This study identified aberrant activation of Hh in CAF within the TME. Specifically, the MMP1 + FIB subpopulation exhibited significantly higher levels of Hh activation compared to other CAF subgroups and was preferentially enriched in the gastric cancer TME. Mechanistically, this subpopulation promotes the differentiation of myeloid cells into M2 macrophages through the secretion of complement C3, thereby driving the proliferation and metastasis of gastric cancer.
5. Conclusions
This study uncovers a novel mechanism by which fibroblasts with highly activated Hh accelerate gastric cancer progression: these fibroblasts specifically secrete complement C3, thereby driving the polarization of M2-type macrophages and the formation of an immunosuppressive microenvironment, and ultimately, accelerating the progression of gastric cancer. The enrichment of MMP1 + FIB is significantly associated with poor prognosis in patients with gastric cancer; moreover, the regulation of myeloid cells mediated by MMP1 + FIB via the C3–(ITGAX + ITGB2) axis plays a central role in the immune evasion of gastric cancer. This finding not only deepens our understanding of the heterogeneity of the gastric cancer microenvironment and the mechanisms underlying the formation of immunosuppression but also provides potential targets for therapeutic strategies targeting the Hh-MMP1 + FIB-C3 axis.
Supplementary Materials
The following supporting information can be downloaded at https://www.mdpi.com/article/10.3390/cancers17193164/s1, Figure S1. Single-cell RNA sequencing analysis of dataset GSE163558. Figure S2. Single-cell RNA sequencing analysis of dataset GSE183904. Figure S3. Association of MMP1 + FIB with malignant progression in gastric cancer. Figure S4. Differentiation dynamics of Hh-related genes. Figure S5. CellChat analysis reveals cell–cell communication roles of PDGFA + FIB and IGLC2 + FIB in the gastric cancer TME. Figure S6. GSEA identifies significantly enriched gene sets in patients with high MMP1 scores. Figure S7. Correlation between MMP1 + FIB infiltration levels and immune cell infiltration in patients. Figure S8. Spatial distribution of Hh pathway-activated fibroblasts and T cells in gastric cancer tissues. Table S1: Clinical information of patient.
Author Contributions
J.L., data curation, formal analysis, visualization, writing—original draft; J.Z., data curation, formal analysis, visualization, writing—original draft; Z.S., data curation, formal analysis, visualization, writing—original draft; S.Z. (Shuo Zhang), data curation, formal analysis, visualization; S.Z. (Sicheng Zhao), data curation, formal analysis, visualization; Y.W., data curation, writing—original draft; G.C., writing—review and editing; T.J., supervision, project administration, writing—review and editing; G.Z., conceptualization, methodology. All authors have read and agreed to the published version of the manuscript.
Funding
This study was supported by the Key Support Project of Regional Innovation and Development Joint Fund of National Natural Science Foundation of China (U23A20499); Zhejiang Provincial Natural Science Foundation of China (No. LQ23H270013); National Natural Science Foundation of China (No. 82204950); Key Project of the National Nature Foundation of China (No. 82030119); and Zhejiang Chinese Medicine University Chunyan Special Fund for the development of traditional Chinese medicine (No. CY202302).

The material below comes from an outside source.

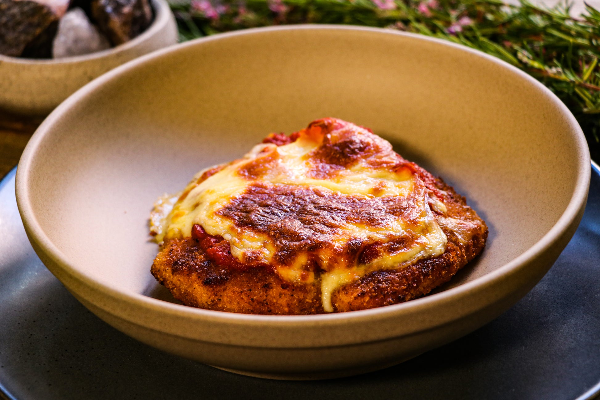 Succulent crumbed chicken breast fillet topped with ham, mozzarella cheese and tomato puree. Downright delightful.

Institutional Review Board Statement
This study was conducted in accordance with the Declaration of Helsinki, and it was approved by the Institutional Review Board of Zhejiang Provincial Hospital of Chinese Medicine (2023-KLS-039-01, approval date: 12 April 2023). The animal study protocol was approved by the Institutional Review Board of Laboratory Animal Management and Ethics Committee of ZCMU (IACUC-20220418-27, approval date: 1 August 2022).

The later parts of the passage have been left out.